Offers general structure, plus a couple of helper methods for env instantiation and performing the rollout.
n_episodes – Count of episodes to run.
max_episode_steps – Count of steps to run in each episode (if environment returns done, the episode will be finished earlier though).
record_trajectory – Whether to record trajectory data.
record_event_logs – Whether to record event logs.
init_env_and_agent(env_config: omegaconf.DictConfig, wrappers_config: Union[List[Union[None, Mapping[str, Any], Any]], Mapping[Union[str, Type], Union[None, Mapping[str, Any], Any]]], max_episode_steps: int, agent_config: omegaconf.DictConfig, input_dir: str, env_instance_seed: int, agent_instance_seed: int) -> (<class 'maze.core.env.base_env.BaseEnv'>, <class 'maze.core.agent.policy.Policy'>)¶
Build the environment (including wrappers) and agent according to given configuration.
env_config – Environment config.
wrappers_config – Wrapper config.
max_episode_steps – Max number of steps per episode to limit the env for.
agent_config – Policies config.
input_dir – Directory to load the model from.
env_instance_seed – The seed for this particular env.
agent_instance_seed – The seed for this particular agent.

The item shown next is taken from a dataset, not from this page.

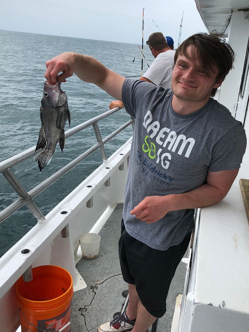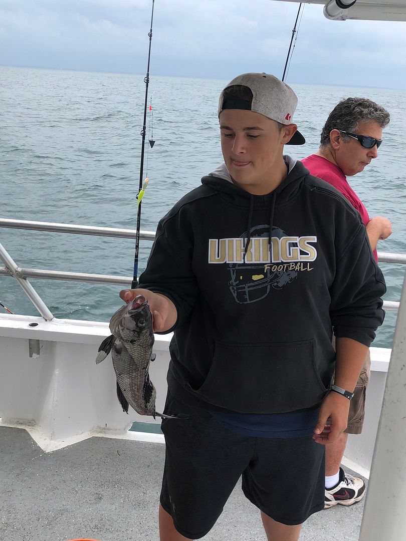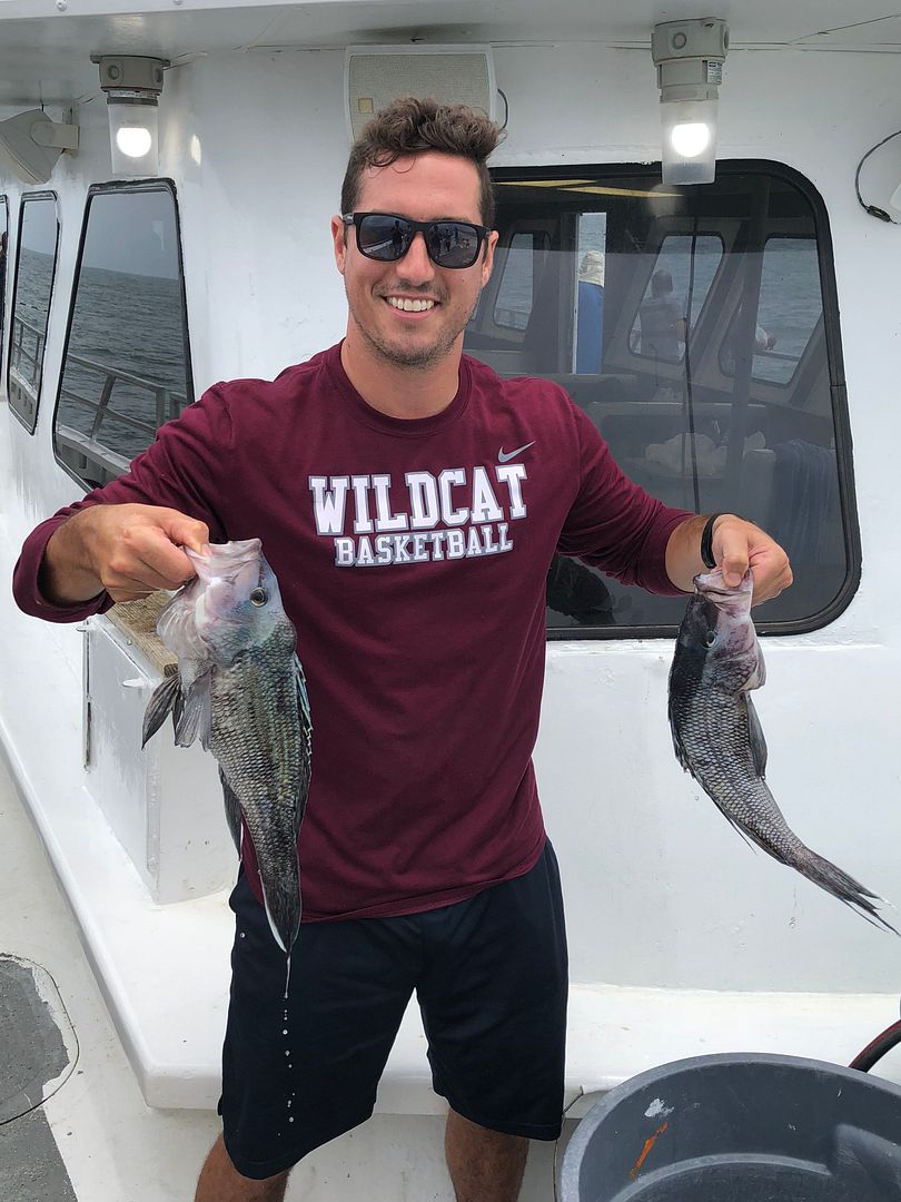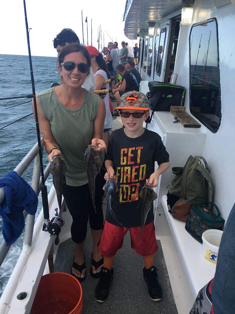 Yesterday afternoon we had lots of action for most of the trip. We couldn’t really drift because of the breeze so we anchored up offshore and hit the sea bass. We pulled in a good mix of keepers and shorts, and everyone on the boat caught some fish! The wind picked up a lot in the last hour, and the action dropped off almost entirely after that, but all in all it was a great night for some family fishing fun!

Tuple of (instantiated environment, instantiated agent).
run_interaction_loop(env: maze.core.env.structured_env.StructuredEnv, agent: maze.core.agent.policy.Policy, n_episodes: int, render: bool = False, episode_end_callback: Callable = None) → None¶
Helper function for running the agent-environment interaction loop for specified number of steps and episodes.
env – Environment to run.
agent – Agent to use.
n_episodes – Count of episodes to perform.
render – Whether to render the environment after every step.
episode_end_callback – If supplied, this will be executed after each episode to notify the observer.
run_with(env: Union[None, Mapping[str, Any], Any], wrappers: Union[List[Union[None, Mapping[str, Any], Any]], Mapping[Union[str, Type], Union[None, Mapping[str, Any], Any]]], agent: Union[None, Mapping[str, Any], Any]) → None¶
Run the rollout with the given env, wrappers and agent configuration. A helper method to make rollouts easily runnable also directly from python, without building the hydra config object.
Note that this method is designed to run only once – if you call it from python directly (and not using Hydra from command line as is the main use case), you should respect this. Otherwise, you might get weird behavior especially from the statistics and events logging system, as the rollout runners register their own stats and event writers (so you might get duplicate stats) and order of operations sometimes matters (especially with parallel rollouts, where we do not want to carry the writers into child processes).
env – Env config or object.
wrappers – Wrappers config (see
agent – Agent config or object.